* WHAT YOU NEED TO DO *
Pictures aside, the data must be reproduced exactly.

* MATERIAL PROVIDED *
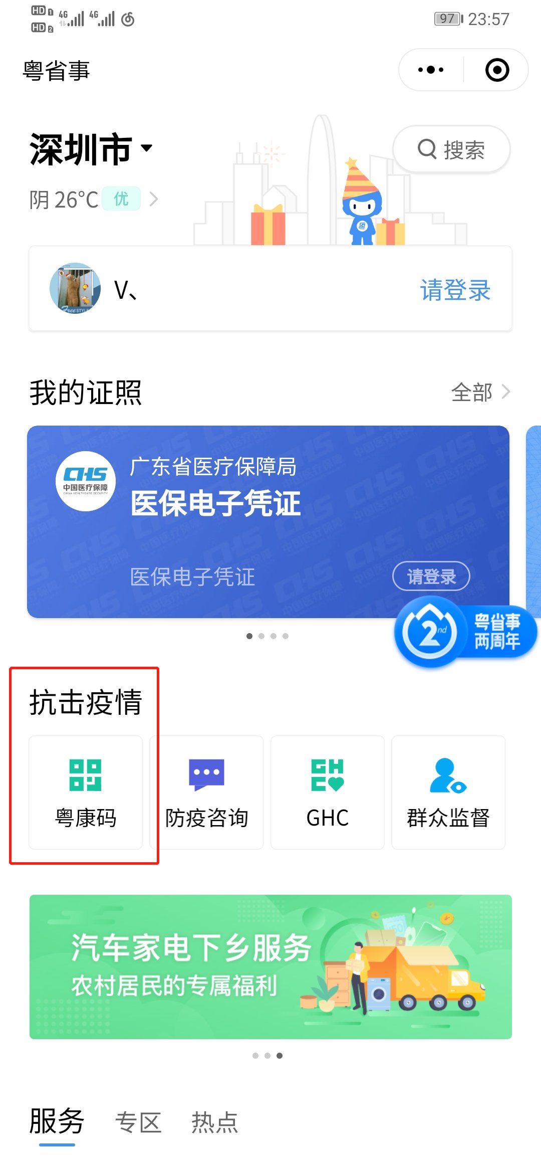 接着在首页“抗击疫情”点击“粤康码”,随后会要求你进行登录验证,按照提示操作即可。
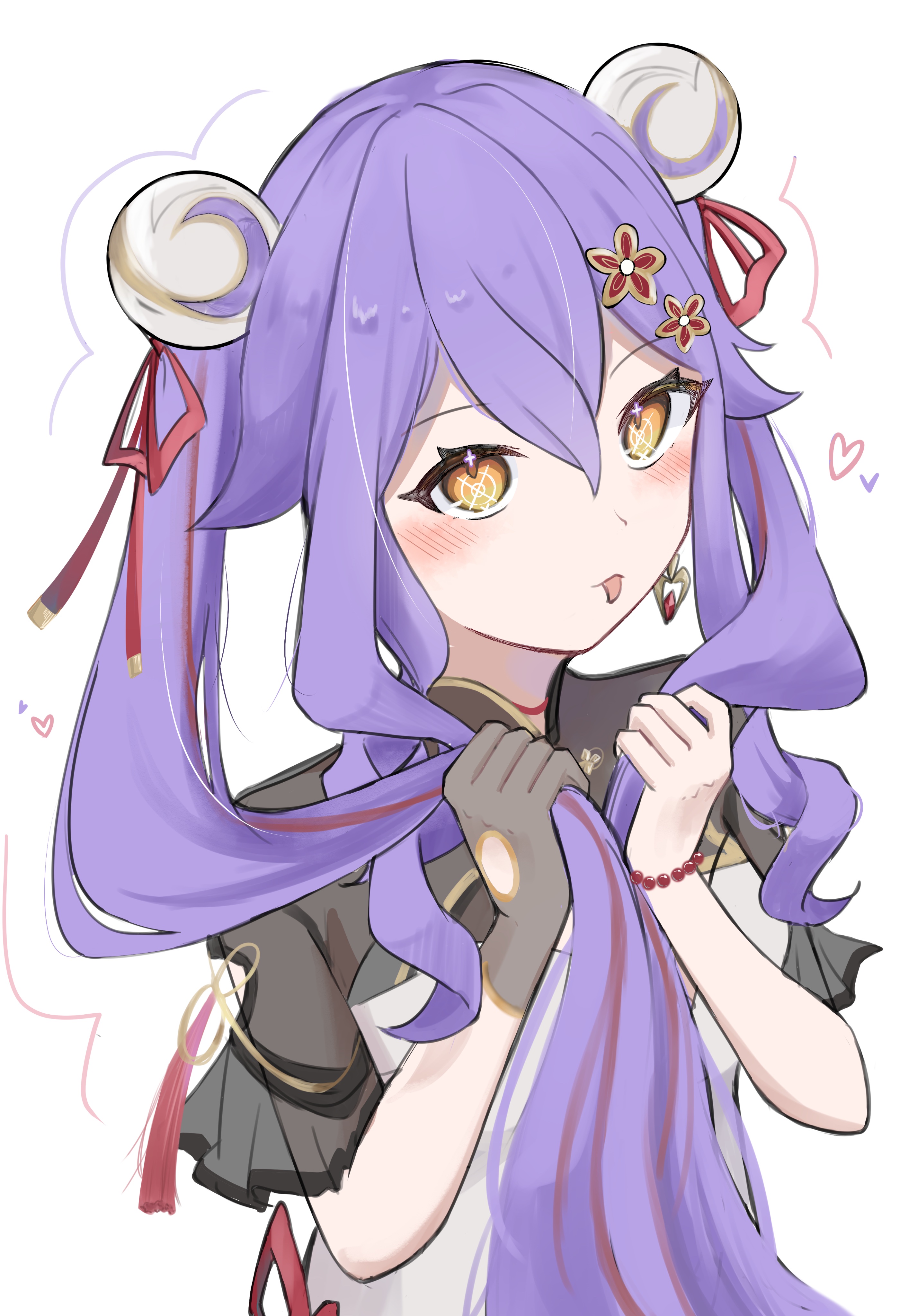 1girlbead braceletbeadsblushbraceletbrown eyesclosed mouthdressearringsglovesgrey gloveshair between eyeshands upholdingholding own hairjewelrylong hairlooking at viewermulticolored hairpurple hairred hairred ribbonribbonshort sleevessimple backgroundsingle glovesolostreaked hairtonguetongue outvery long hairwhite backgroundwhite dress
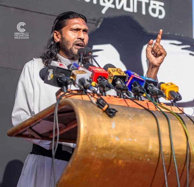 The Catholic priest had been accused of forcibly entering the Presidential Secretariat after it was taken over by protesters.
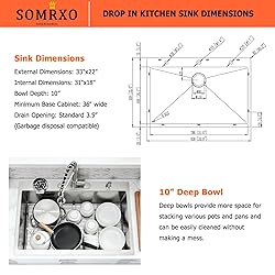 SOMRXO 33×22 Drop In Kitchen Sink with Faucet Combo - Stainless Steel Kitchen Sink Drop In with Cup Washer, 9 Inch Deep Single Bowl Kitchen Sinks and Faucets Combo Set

* EXERCISE OUTPUT *
 接着在首页“抗击疫情”点击“粤康码”,随后会要求你进行登录验证,按照提示操作即可。
 1girlbead braceletbeadsblushbraceletbrown eyesclosed mouthdressearringsglovesgrey gloveshair between eyeshands upholdingholding own hairjewelrylong hairlooking at viewermulticolored hairpurple hairred hairred ribbonribbonshort sleevessimple backgroundsingle glovesolostreaked hairtonguetongue outvery long hairwhite backgroundwhite dress
 The Catholic priest had been accused of forcibly entering the Presidential Secretariat after it was taken over by protesters.
 SOMRXO 33×22 Drop In Kitchen Sink with Faucet Combo - Stainless Steel Kitchen Sink Drop In with Cup Washer, 9 Inch Deep Single Bowl Kitchen Sinks and Faucets Combo Set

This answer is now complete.